Para sustentar essas suas pretensões alega que o tribunal não valorou na justa medida as circunstâncias que militam a seu favor, designadamente e em síntese:
A sua inserção familiar e profissional, ter uma filha menor de ... anos a seu cargo, a ausência de antecedentes criminais, a confissão integral e sem reservas dos factos de que vinha acusada e pelos quais foi condenada, o ressarcimento integral e parcial dos ofendidos DD e EE, o modo de execução dos crimes não particularmente ardiloso, o arrependimento e o pedido de desculpa aos lesados, e a admissão do desvalor das suas condutas.

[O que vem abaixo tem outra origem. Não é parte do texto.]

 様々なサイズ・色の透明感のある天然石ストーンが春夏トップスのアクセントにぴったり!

Antes de prosseguir, importa relembrar e esclarecer que, a moldura penal, abstrata ou legal, da pena única resultante do cúmulo jurídico das 7 (sete) penas parcelares de prisão em que foi condenada, vista a improcedência da anterior questão relativa à aplicação de pena de multa aos crimes de falsidade informática, atentas as regras de punição estabelecidas no artigo 77º do CP, é a considerada no acórdão recorrido, ou seja, 3 (três) anos e 6 (seis) meses de prisão, correspondente à mais elevada pena parcelar aplicada, e os 14 (catorze) anos e 1 (um) mês de prisão, correspondente à soma das 7 (sete) penas parcelares de prisão aplicadas [2 (dois) anos e 3 (três) meses e 2 (dois) anos de prisão por cada um dos 2 (dois) crimes de burla qualificada, p. e p. pelos artigos 217º, n.º 1, e 218º, n.º 1, do CP, 3 (três) anos e 4 (quatro) meses e 3 (três) anos e 6 (seis) meses de prisão, por cada um dos 2 (dois) crimes de burla qualificada, p. e p. pelos artigos 217º, n.º 1, e 218º, n.º 2, al. a), do CP, e 1 (um) ano de prisão por cada um dos 3 (três) crimes de falsidade informática, p. e p. pelo artigo 3º, n.º 1, da Lei 109/2009, de 15.09]

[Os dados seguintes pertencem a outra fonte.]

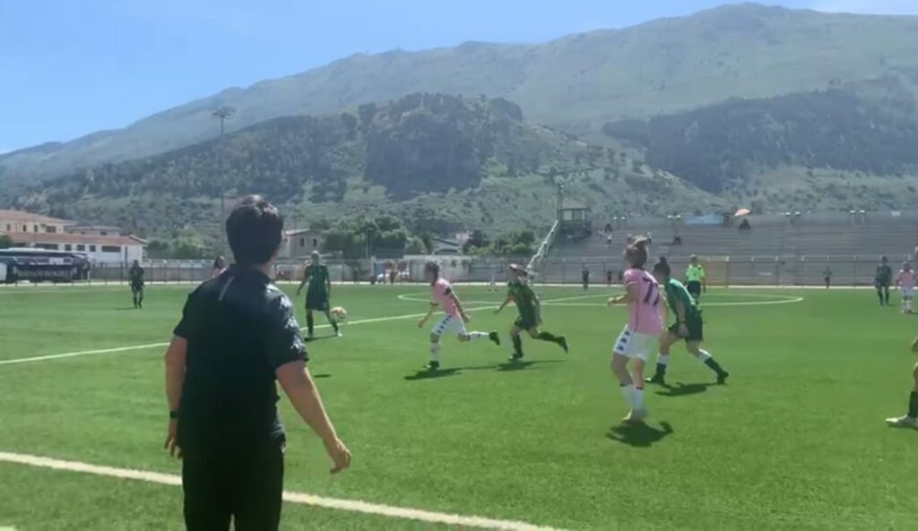 Nel primo tempo, le rosanero sono travolgenti: al 12esimo Dragotto chiude il triangolo con Lazzara e va a segno piazzando il pallone sotto l’incrocio. Al 24esimo minuto arriva il raddoppio: azione insistita, tiro in area di Cusmà respinto e Coco va a segno col pallonetto dal limite dell’area. E al 37esimo minuto è già tris: respinta corta del portiere sul tiro di Coco e tap-in vincente di Dragotto.

Conforme, aliás, constitui jurisprudência constante do STJ e pode ver-se do seguinte trecho extraído do acórdão de 14.12.2023, proferido no processo n.º 130/18.2JAPTM.2.S1, relatado pelo Conselheiro Jorge Gonçalves, disponível no sítio https://www.dgsi.pt/jstj.nsf/, que aqui se segue de perto, «A determinação da pena envolve diversos tipos de operações, resultando do preceituado no artigo 40.º do Código Penal que as finalidades das penas se reconduzem à proteção de bens jurídicos (prevenção geral) e à reintegração do agente na sociedade (prevenção especial).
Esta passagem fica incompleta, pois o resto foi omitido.